Wisconsin Rapids is ready to buy back land it sold to a local company that two years ago announced plans to build a wind-turbine blade manufacturing plant on the property.
Energy Composites Corp. faces a Friday deadline to either reach an agreement with Wisconsin Rapids or sell the nearly 94 acres of land back to the city at the original purchasing price, Mayor Mary Jo Carson said.
Carson said the sale doesn’t necessarily mean the project is dead, but it won’t happen right now.
“Obviously, ECC doesn’t want to hold us up in reference to that land, which we thank them for,” she said. “We appreciate their interest in their hometown.”
Carson said City Attorney Sue Schill has been working with the company’s attorney to reach a buy-back agreement.
On March 31, 2009, the company announced plans to build a 350,000-square-foot plant in the Rapids East Commerce Center that would create at least 400 local jobs. Since then, those plans expanded to 535,000 square feet and more than 600 positions.
To facilitate the project, the city later sold the Wisconsin Rapids-based company 93.7 acres of land in the Rapids East Commerce Center for $500 an acre – a 90 percent discount from the typical asking price – plus a $1,000 option fee, for a total price of $47,850.
Under the pending agreement, the city would buy back the land at the same price for which it sold it, Carson said.
“I’m glad to see it being sold back to the city at the original price,” City Council member Marion Hokamp said. “The sooner they do it, the better it’s going to be. Maybe we’re going to get somebody else interested (in the property).”

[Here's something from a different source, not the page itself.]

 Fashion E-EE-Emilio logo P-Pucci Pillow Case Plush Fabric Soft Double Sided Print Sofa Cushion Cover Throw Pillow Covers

As part of the original development agreement, the city would have paid $1.5 million for infrastructure costs, including extending city streets and expanding railroad access to the property, and $6,000 for each full-time job the company created on or before Dec. 31, 2012, up to $3.8 million.
At this point, Wisconsin Rapids has not invested any money in the project, city Finance Director Tim Desorcy said.

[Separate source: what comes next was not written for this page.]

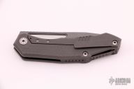 This MK1 Warg by DC Munroe features an stonewashed CPM-3V drop point blade with compound grind, step milled thumbhole and notched thumbrest. The handle has a milled and stonewashed titanium polygonal patterned frame with matching tip up clip and a backspacer with lanyard hole. Has a stainless steel lockface insert. Comes with original pouch, COA, stickers and padded/zippered case. S/N 0047 and dated May 2017. Knife is in excellent condition, shows no signs of use or carry.

A decline in bond market conditions led company officials to put the project on hold while they searched for investors. Those efforts have been unsuccessful.
Hokamp, who has publicly criticized Energy Composites for a lack of action, said the city should have bought the property back sooner. She remained skeptical of the project throughout the process.
“Way back when they started, I never thought it was going to be done,” she said. “They knew they weren’t going to have anything out there a long time ago.”
Other council members do not regret giving the company so long to bring the plan to fruition.
“I think we had to give them every opportunity to succeed,” council member Lee Albrecht said. “You have this carrot dangling out there that there are 600 jobs on the horizon; I think you have to do whatever you can to have that carrot come to you.”